Streamlined Degrees for Transfer and Completion:

The latest of the new higher education experience; streamlining transfer degrees and completion. Streamlining degrees is seeing a buzz of activity in education leadership these days. I get a number of complaints from faculty about the new direction higher education is taking in streamlining degrees. What is this about they ask? Weren’t we already doing this right to begin with? Now students are not getting everything they need before graduating, they worry. They are not well prepared, really? Have you heard these conversations and wondered about this?

Let me share a few thoughts about this.

One this idea of streamlining the degrees and the amount of unit’s students take has been brewing for a long while now. We as a nation have struggled with units from one college not being accepted at another college and students having to repeat those courses that did not transfer. This is one component of the challenge.

Two, this idea was a cold water to the face wakeup call when looking at the enormous debt in financial aid owed by our citizens in America. People were coming out of their education with large debts that took years to pay off. Debt larger than the cost of a nice home in some cases. Others much lower more like the cost of a nice car. It was one thing to have debt if you graduate, but if you don’t graduate, and still have this debt but no job to pay it off with, the challenge was even larger. As some wise minds researched the situation it was found that much of the debt could be avoided by taking less classes and improving the remaining classes to include the essentials. Streamlining education to its essentials is the goal. Thus the faculty concern that students are not getting enough to prepare themselves in their various fields. Remember faculty care that students have a good education not just a degree.

Furthermore it was discovered that the majority of students took 3 to 5 years to get through the first two years of a community college education. Those going solely to a University to get bachelors were spending at best 5 years to gain the 4-year degree with most taking longer. Why is it taking students so long to get through what is supposed to be a four year education to achieve a bachelors or a two year education to achieve an Associates? The answer varies by individuals but generally half of our college going students in America are taking basic skills classes to raise themselves to college level which can take a year or longer. The halves that are prepared to enter college are often taking more units than needed to transfer or to graduate. And several of those in both halves drop classes or fail classes that means they have to repeat them. Repeating classes adds up in time and expenses. Others don’t fit into any of these areas, they simply don’t take a full load each semester or quarter as they work their way through school or care for their families. For this later group even going slowly is still getting them to their end goal of graduation and an education. Bravo to perseverance and motivation!

The basic skills preparedness for college is well, what it is. Some students are leaving High Schools underprepared for college. Often not recognizing the opportunities they are missing with their excellent High School instructors. The reasons vary from peer pressure and being more concerned about their socializing, to not having good study habits, to not having the study time because they work to support their families in addition to going to school. Language may also be a barrier for those where English is their second language. For these people the solution is to focus on developing their skills to be ready for college level classes and then go from there. So what if it adds a year or two to their education. It is worth it in the end.

The dropping classes or failing class’s scenario is a challenge that each student needs to try to avoid.
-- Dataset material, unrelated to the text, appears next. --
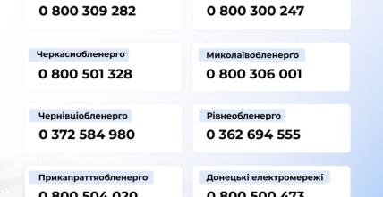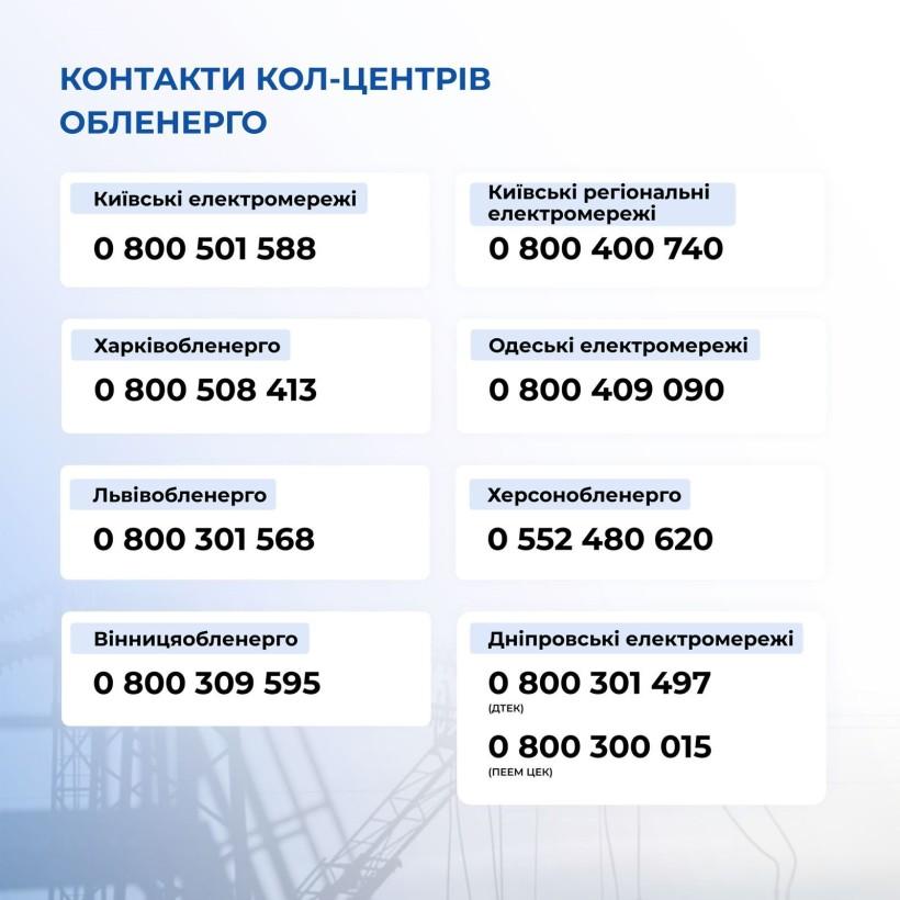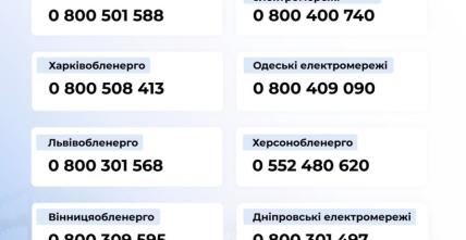 Також для загальних запитань щодо енергетики та роботи системи електропостачання можна звертатися до Міненерго за номерами: 0-800-507-052, 044-594-65-45.

If you can’t maintain a full load each semester or quarter than take it slower but do not fail or drop classes. I’ve witnessed students dropping and failing classes simply because they didn’t try. They didn’t put in the study time, use the resources at the college to help tutor them through the difficult areas, give up the social life long enough to do their homework, show up for class on time and regularly. I have also witnessed students drop classes or stop attending because they didn’t like the teacher. This is the worst scenario in my opinion. Never let any one teacher get in the way of your goals. If you don’t like the teacher speak with the Dean. Perhaps you can be move into a different teacher’s class. If not maybe it is about persevering anyway. Use these moments as an opportunity to practice how to survive a boss you may not like in the future. Tell yourself you don’t have to enjoy every moment as long as your goals are reached. Look for what is good about that teacher. For example: the lecture is thorough, the person knows a lot that you do not already know, they give test that you can study for and be successful even if not excited, the class is only how many weeks long? It isn’t a lifetime. You are not being slapped upside the head right? How bad is it anyway? Try these conversations on yourself and see if you can’t find a way to keep your eyes on the prize to complete each and every class you sign up for. Last tip: I learned a lot about how to not teach from some of these teachers. Which actually made me a better teacher. We can all learn from the negative as well as the positive.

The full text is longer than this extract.